Additionally, the example of reference numeral 1611 indicates how z2 (L×C matrix) is calculated by summing z2_1 (L×C matrix) and z2_2 (L×C matrix), calculated by processing in Accelerators 1 and 2. For example, when z2_1 (L×C matrix) and z2_2 (L×C matrix) are summed in Accelerators 1 and 2, z2_1 (L×C matrix) is transmitted from Accelerator 1 to Accelerator 2. Additionally, z2_2 (L×C matrix) is transmitted from Accelerator 2 to Accelerator 1. That is, communication processing occurs between accelerators.
Here, the scheduling unit 302 performs scheduling so that each accelerator executes processing for the next input data in parallel while communication processing is executed between accelerators.
The example of reference numeral 1611 indicates a state in which, while communication processing is executed between accelerators,
y 3 _ 1 = f ( x 3 @ W 1 _ 1 ) and z 3 _ 1 = y 3 _ 1 @ W 2 _ 1 ,
are assigned to Accelerator 1, and
y 3 _ 2 = f ( x 3 @ W 1 _ 2 ) and z 3 _ 2 = y 3 _ 1 @ W 2 _ 2 ,
are assigned to Accelerator 2. Here, y3_1 and y3_2 are L×2C matrices, and z3_1 and z3_2 are L×C matrices.
As described, the scheduling unit 302 schedules the processing for two input data adjacent in the processing order as a group to enable the computational processing below:
y = f ( x @ W 1 ) z = y @ W 2
and the communication processing between accelerators to be executed in parallel. As a result, according to the scheduling unit 302, the execution speed when the training process is performed using tensor parallelism can be improved.

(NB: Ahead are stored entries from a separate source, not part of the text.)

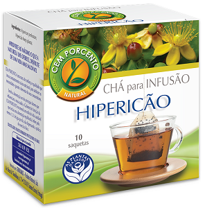 Caixa branca e verde de chá para infusão Hipérico com imagem de chávena e saqueta de chá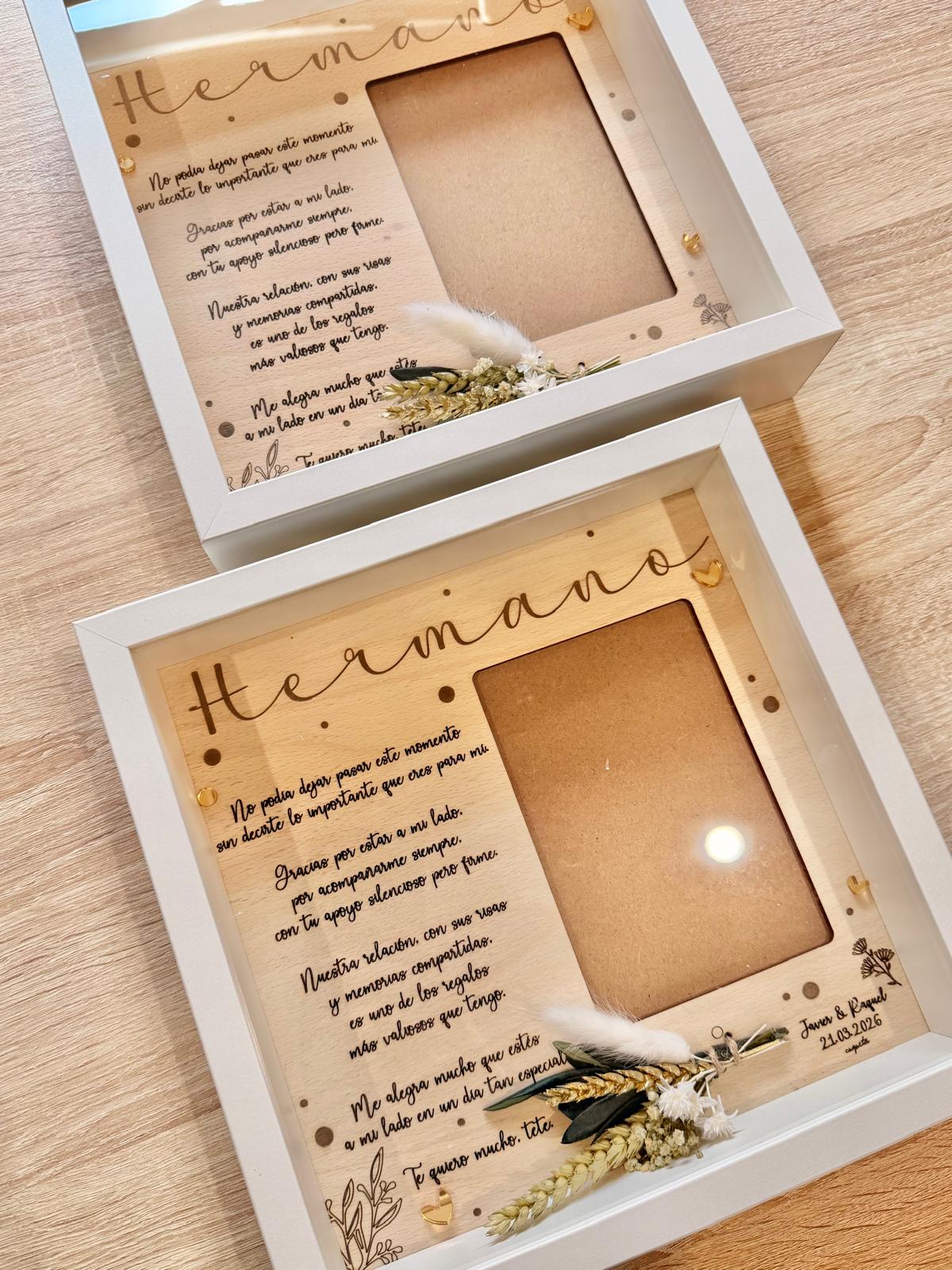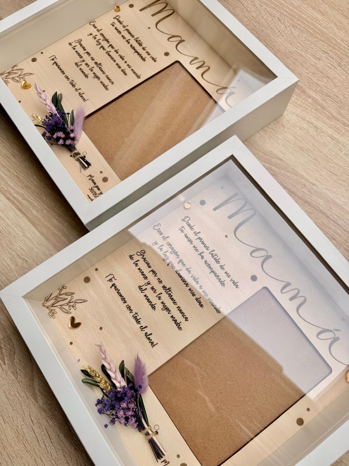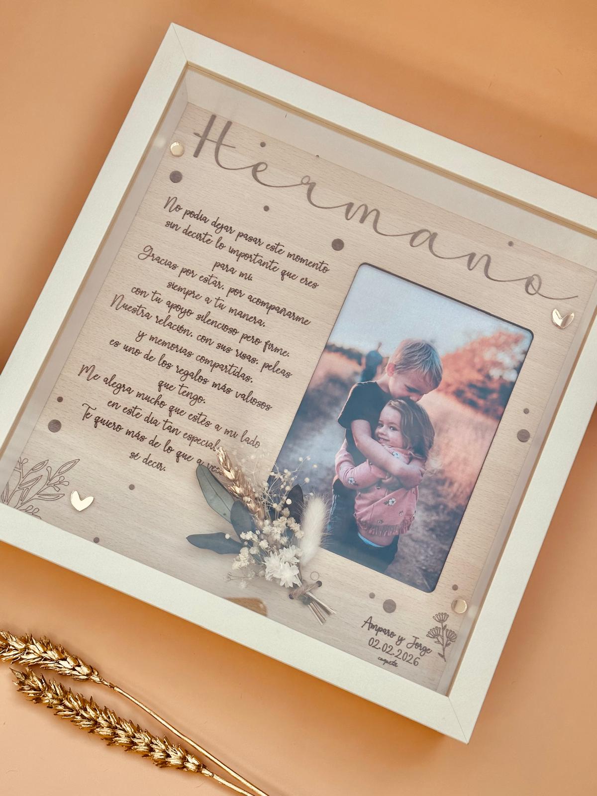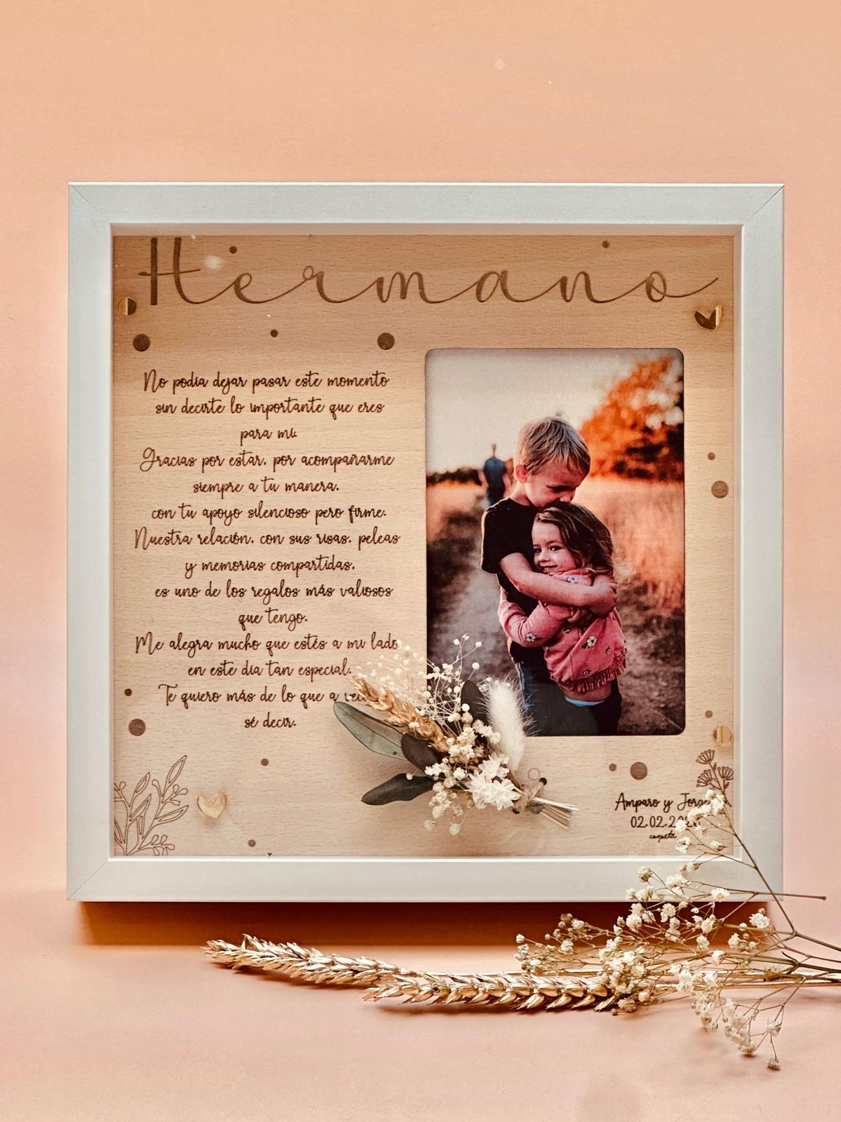 Lámina de madera de haya modelo FLORAL ORO de 25×25 aprox. con dedicatoria personalizada, para foto de 10×15 aprox. en vertical.
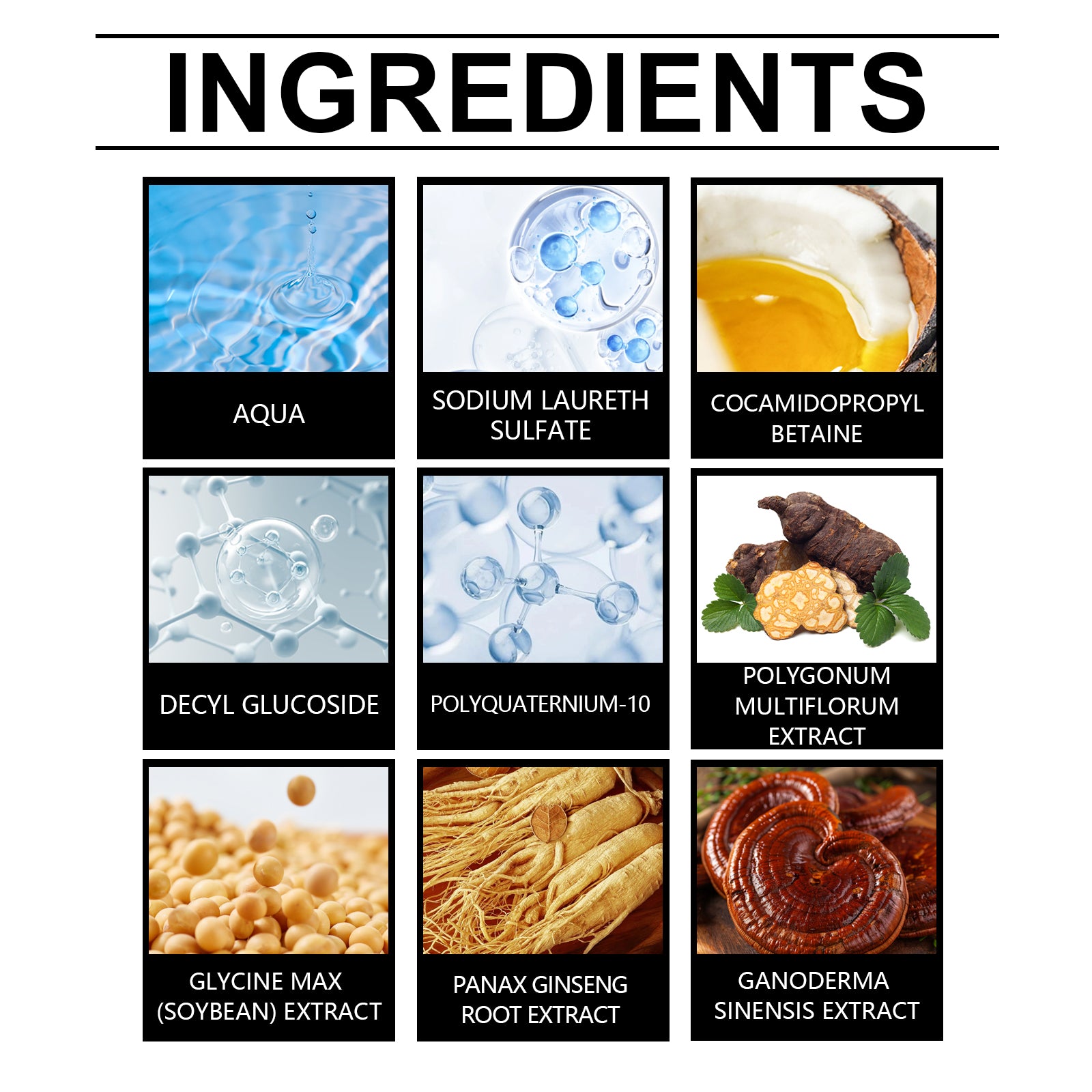 Our white to Black shampoo (Black) contains sodium lauryl polyether sulfate and cocamidopropyl betaine. It can reduce hair loss, enhance the overall hair density, and at the same time reduce the signs of hair loss, making the hair look thicker and fluffier. Its usage is very simple: First, thoroughly wet your hair with warm water. Then, take out the Polygonum multiflorum shampoo and apply it to your scalp. Rub it into rich foam and massage the hair roots and scalp for 2 to 3 minutes. Finally, rinse off the foam with clean water. It can also enhance the overall hair density, nourish and solidify the hair roots, making the hair darker and thicker.

In the fourth embodiment described above, the case where the model on which the training process is performed using sequence parallelism is a Transformer has been described. However, the model on which the training process is performed using sequence parallelism is not limited to a Transformer and may be a NN.
Additionally, in the embodiments described above, a micro-batch has been described as an example of a processing unit (batch) of training data for the execution of each worker during the training process. However, the batch of training data is not limited to a micro-batch and may be a mini-batch. Additionally, a single batch may be one of multiple pieces of data in which the training data is partitioned or may include one or more pieces of data included in the training data.
Additionally, in the fifth embodiment described above, the description assumes that when each worker executes the backward calculation, the backward data calculation and the backward weight calculation are separated and executed. However, in the scheduling of some workers (for example, a worker with worker name=“Worker0”), the backward data calculation and the backward weight calculation may be scheduled as a group without being separated.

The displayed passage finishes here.